Emmanuel Macron, candidat d’En marche
Il lui a fallu plus d’une heure pour sortir de sa coquille. Emmanuel Macron s’était préparé à jouer en contre, à parer les coups de quatre adversaires plus madrés que lui. D’où sa présentation liminaire tout en justification de son ambition, de son passé de banquier, de haut fonctionnaire et de ministre. Durant ce début poussif, il s’en tient à la récitation quasi clinique de son programme «pragmatique», son mot-clé de la soirée, en attendant des coups… Qui ne viennent pas! Ou si peu… Comprenant que Marine Le Pen et dans une moindre mesure Jean-Luc Mélenchon sont en train d’accaparer le débat, Macron change de stratégie. Il prend dès lors pour prétexte le moindre sous-entendu pour reprendre la main sur un débat qui jusque-là lui échappait. Façon de faire montre d’une certaine autorité et de démontrer sa crédibilité.
Les temps forts
Le premier vient avec le débat sur la laïcité.
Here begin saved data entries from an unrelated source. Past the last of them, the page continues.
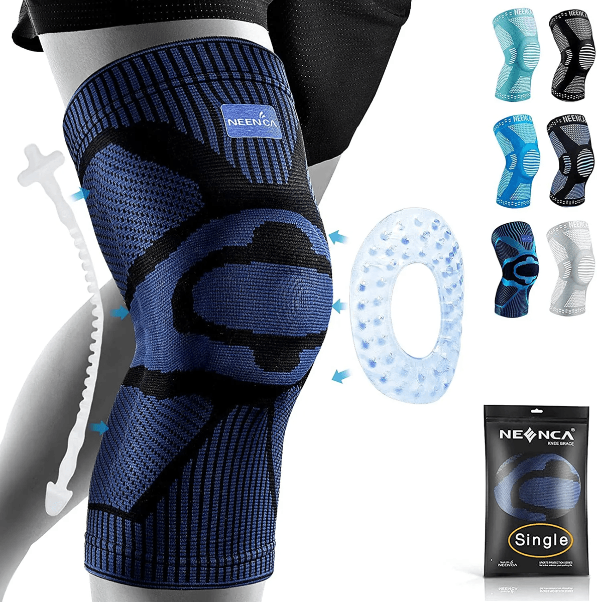 NEENCA Pro Knee Support Brace With Patella Gel And Side Stabilizers l black Blue
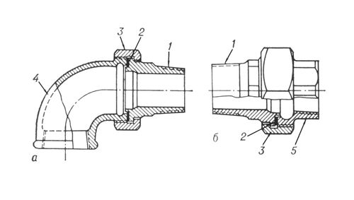 Штуцерное соединение: а – с угольником; б – с муфтой; 1 – штуцер; 2 – уплотнительная прокладка; 3 – накидная гайка; 4 – угольник; 5 – муфта.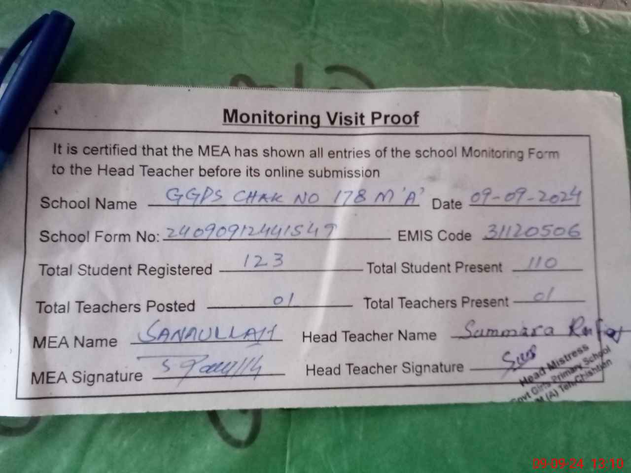 | Attendance Register | Head Teacher | MEA with School | Visit Proof |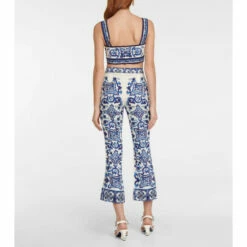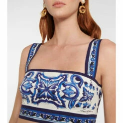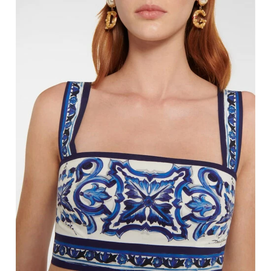 Feel whisked away to faraway landscapes in this Dolce&Gabbana crop top printed with the brand’s Blu Mediterraneo motif. A stylish separate, it’s cut from cotton to a simple silhouette with wide straps.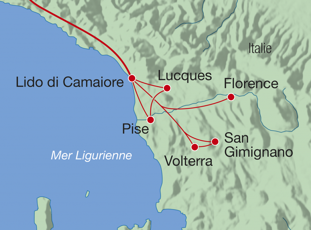 Région emblématique du centre de l’Italie, la Toscane est connue pour la beauté de ses paysages, pour ses douces collines parsemées de cyprès, pour sa richesse architecturale et bien sûr pour ses délices culinaires. Berceau de la Renaissance, ses villes sont de véritables musées à ciel ouvert, arborant fièrement les vestiges d’une révolution artistique qui influença l’Europe tout entière. De Florence à Pise, en passant par Lucques et la plus ancienne cité étrusque au monde, ce voyage vous dévoilera tous les charmes et l’élégance de l’Italie.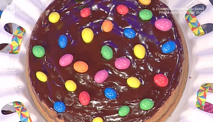 Per la glassa, sciogliamo a bagnomaria il cioccolato con la panna. Versiamo sulla torta e decoriamo con le caramelline.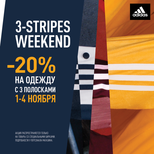 Внимание, внимание! Впервые мы объявляем 3-STRIPES WEEKEND! C 1 по 4 ноября включительно в adidas СКИДКИ -20% на одежду с 3 полосками! Телефон +998712350999 https://www.facebook.com/adidas.uzbekistan/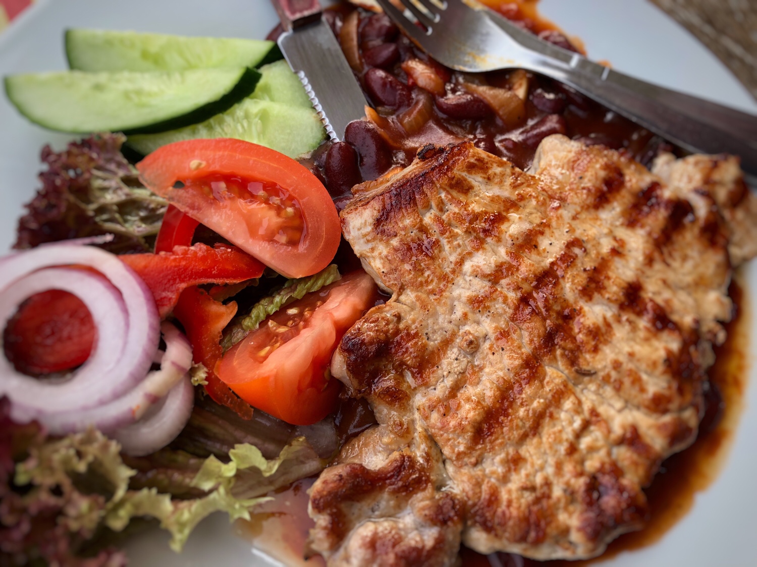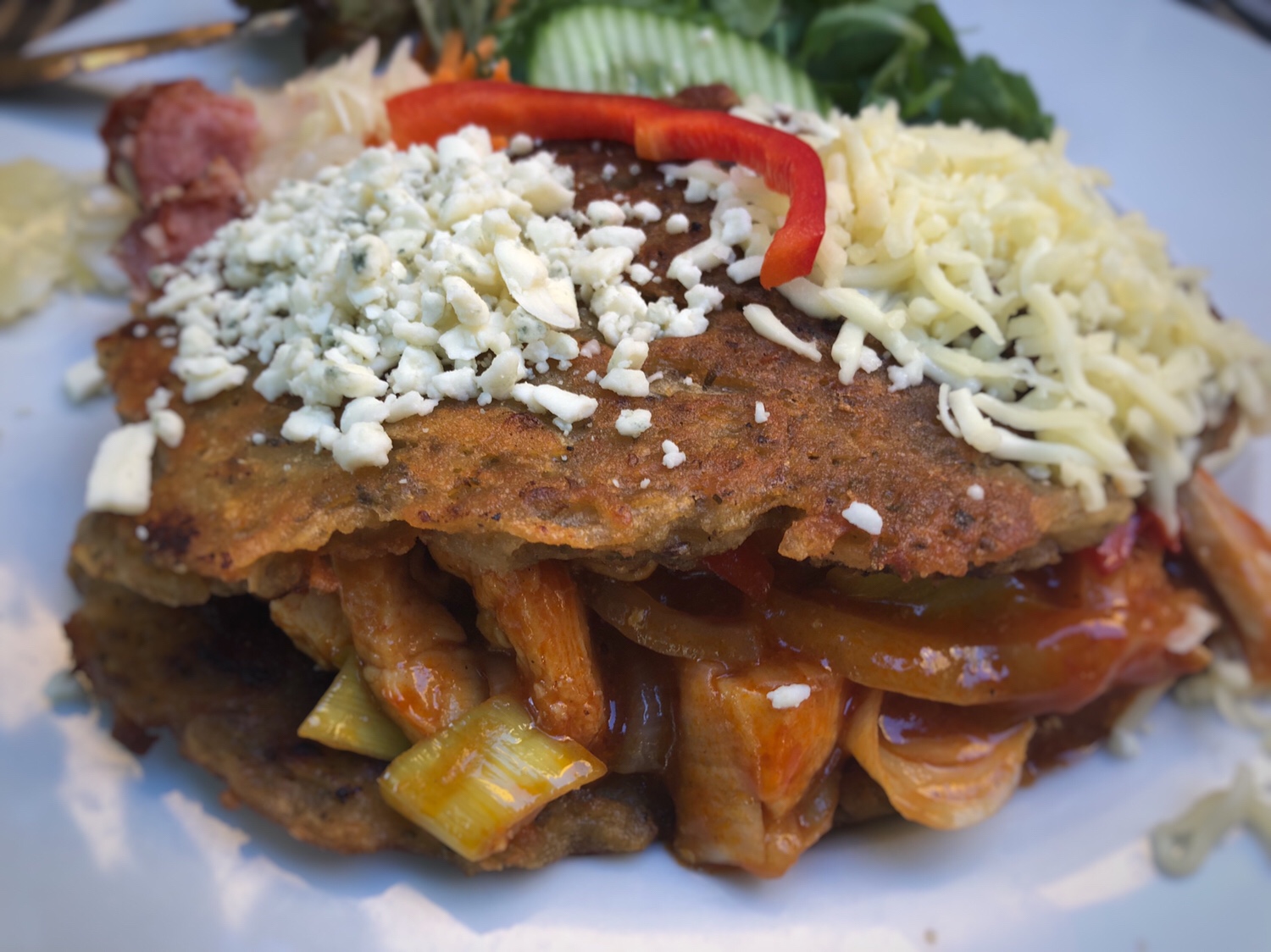 这是我俩到布拉格后的第一顿晚餐,我俩溜达到老城广场,没想到这里的游客太多太多了,在广场中央的餐厅虽然位置好,可以坐在那里欣赏过往人群,可是价格太高了,而且都是针对游客的,我感觉味道肯定不会好,所以我俩就继续走,稍微远离了广场中心,碰到了这家饭店,价格还比较合理 😀 我点了他们菜单上的三个捷克传统菜的其中一个,翻译过来应该是炖猪肉和饺子,等菜上来后,我才发现那个根本不是饺子,而是和我们的馒头差不多的面食。看起来很有胃口的一道菜,我一吃,突然感觉这种味道怎么这么熟悉?非常像PJG平时做的一道墨西哥菜辣酱玉米饼馅! 那个酱汁的那种辣的味道和PJG用的辣酱几乎一样! 难道我俩进了一家有捷克传统菜的墨西哥餐厅? 😂😂😂 总之,味道还算不错,比我想象的要好。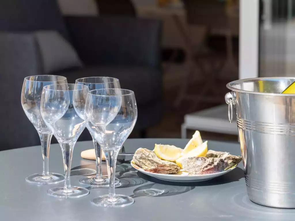 Modern, comfortable apartment block "Hemisphère", 2 storeys, built in 2022. 1.2 km from the sea, 1.2 km from the beach. Shop 500 m, supermarket, bakery 500 m, sandy beach "Grande Plage de Carnac" 1.2 km, park "Cézarine" 50 m, thermal baths "Thalassothérapie Thalazur" 2 km. Golf course (18 hole) 15 km, surf school 6 km, sailing school 2 km. Nearby attractions: Les Alignements de Carnac 5 km, La Trinité sur Mer 5 km, Presqu'ile de Quiberon 15 km, Vannes 30 km, Lorient 45 km, Belle Ile en Mer, Houat, Hoedic. Hiking paths: Le Golfe du Morbihan 30 km. Walking market (250m) on Wednesday and Sunday.2-room apartment 48 m2, on the ground floor, south facing position. Spacious, very comfortable and modern furnishings: living/dining room with 1 sofabed (80 cm, length 190 cm), TV (flat screen). Exit to the terrace, to the patio. 1 room with 2 beds (90 cm, length 200 cm). Open kitchen (oven, dishwasher, 3 induction hot plates, toaster, kettle, electric coffee machine, Capsules for coffee machine (NESPRESSO) extra). Shower, sep. WC. Terrace 10 m2, patio 15 m2, south facing position. Terrace furniture. Facilities: washing machine, hair dryer. Internet (WiFi, free). Parking space n 5. Please note: smoke alarm. 5603400072770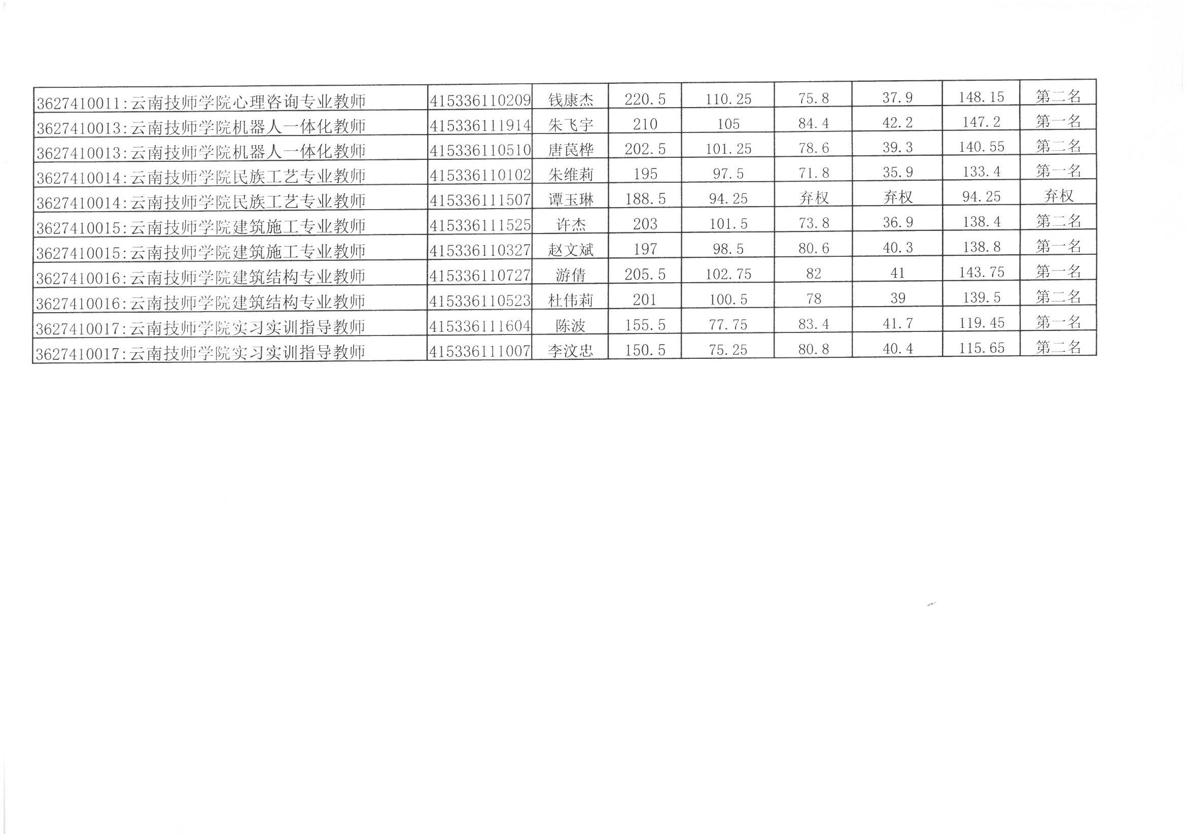 云南技師學(xué)院2016年招聘教師最終成績(jī)公示

Accusé par Marine Le Pen d’être «pour» le burkini, Emmanuel Macron, attaché à l’esprit de la loi de 1905, hausse soudainement le ton: «Je ne vous fais pas parler et je n’ai pas besoin d’un ventriloque» attaque-t-il, appelant au«pragmatisme» et à la «responsabilité». «Le piège dans lequel vous tombez, c’est de diviser la société.»
Le sous-entendu de Benoît Hamon sur l’absence de transparence de Macron sur les grands donateurs de sa campagne est l’occasion d’une nouvelle passe d’armes. «Ça c’est pour moi», «aucun lobby ne me donne!», le coupe Macron. Le candidat PS ironise : «Je ne vous insulte pas, c’est vous qui vous énervez tout seul». Comprenant qu’il a donné tête baissée dans le piège, Macron enchaîne plus calme: «Je prends l’engagement solennel de n’être tenu par personne. Je suis libre et le financement de mon mouvement est transparent». Le mot de la fin est toutefois pour Mélenchon: «C’est bien qu’il y ait un débat à l’intérieur du PS», arbitre le candidat de la France insoumise, déclenchant les rires de la salle.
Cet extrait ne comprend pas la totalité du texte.